God must be using these things in my life for a reason; maybe these "frustrating" parts of my personality are actually here to teach me something, or to have me grow in some way. Who [but God] knows. So, I asked for God to heal me, in whatever way He sees fit. Perhaps that is just giving me peace about these things, perhaps it's something radically different. But I know I want to trust that He will do (and is doing) what is best for me! I do long to trust Him.

Now, God was making this "shattered expectations" thing abundantly clear. For some reason, I decided I should start in on the book of Acts. And wow, have I already learned SO MUCH from the first 5 chapters!

I'll just talk through a couple things that showed me how God  >  our expectations:

First off, when Jesus is back speaking with the disciples before he ascends, they ask him a question:  is this when you're going to restore the kingdom of israel? AKA are we finally going to go to war, win, and get rid of all those Romans?
They had been told their whole lives that this is what the Messiah would do- restore Israel. But God had in mind a bigger restoration than did the near-sighted disciples. God was talking about a Heaven on earth, while they just wanted the Romans gone. I think God's plan sounds much better, don't you? It's a lot about perspective.

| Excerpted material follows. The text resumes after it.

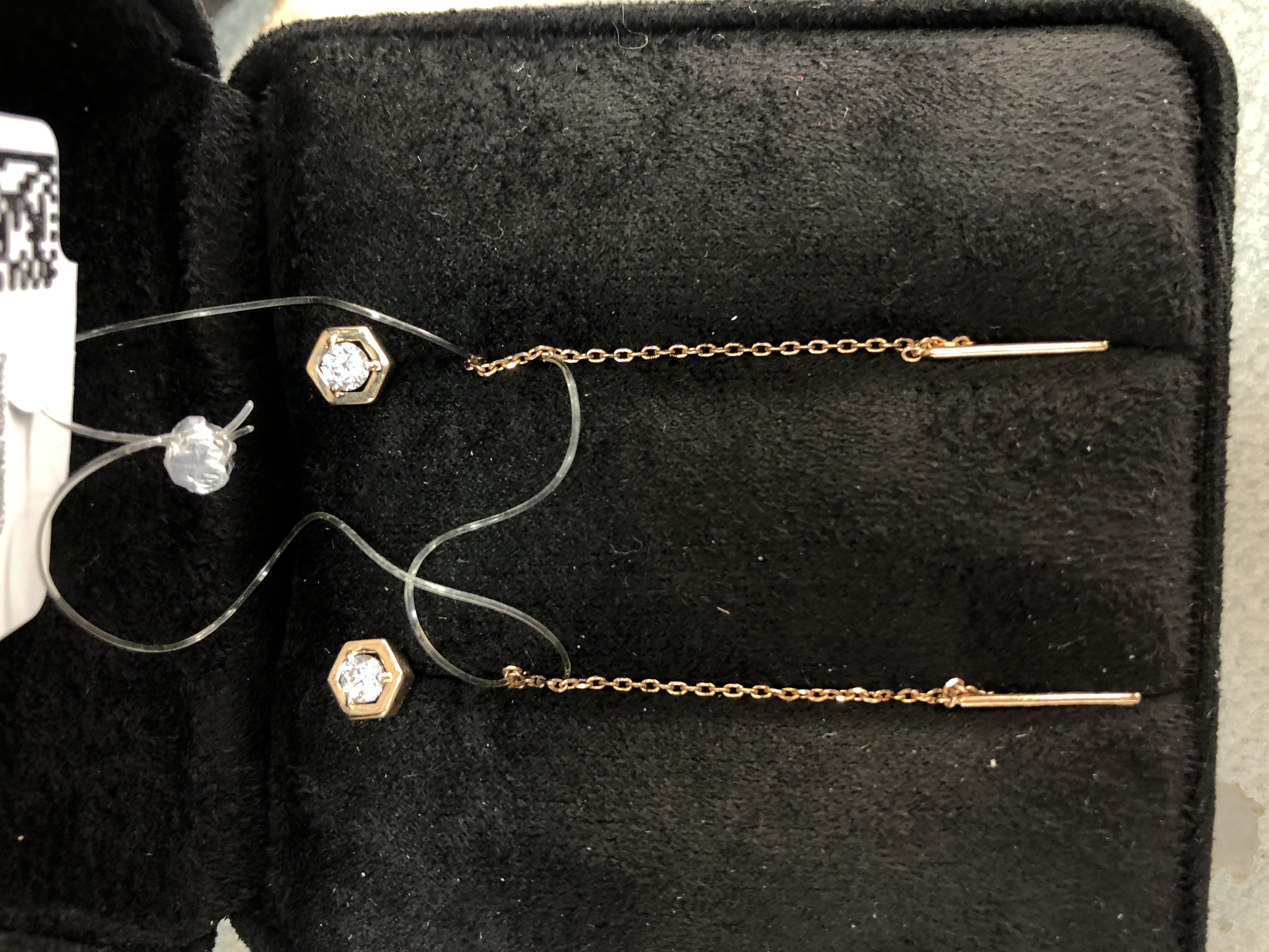 Серьги - цепочки, украшенные сверкающими фианитами, выполнены из красного золота 585 пробы

Second, and this is what I've been musing over a lot the past couple days. I'm actually just going to type out the passage below so y'all can read it too:
Now a man crippled from birth was being carried to the temple gate called Beautiful, where he was put every day to beg from those going into the temple courts. When he saw Peter and John about to enter, he asked them for money. Peter looked straight at him, as did John. Then Peter said, "Look at us!" So the man gave them his attention. Then Peter said, "Silver or gold I do not have, but what I have I give you, in the name of Jesus Christ of Nazareth, walk." Taking him by the right hand, he helped him up, and instantly the man's feet and ankles became strong. Acts 3:2-7 (NIV)
That day, I'm sure the crippled man's spirits were not higher than any other day; he was probably just hoping for enough money to make it by, like he always did. And from the passage, it didn't even seem he was very connected with his surroundings, as seen by him not even looking at Peter and John as he asked for change. So, he wasn't expecting much- and wasn't asking much.
But when Peter walks by, he doesn't just toss him a coin and look away. He looks right at him, and asks the man to do the same. Once he has his attention, he makes it clear that he is not going to be giving the man what he asked for- and I'm sure the man's spirits dropped for a second. Then, all the man's expectations are blown out of the water when Peter offers him the gift of healing. Not only does he offer it, but he helps the man realize this healing by helping him to his feet.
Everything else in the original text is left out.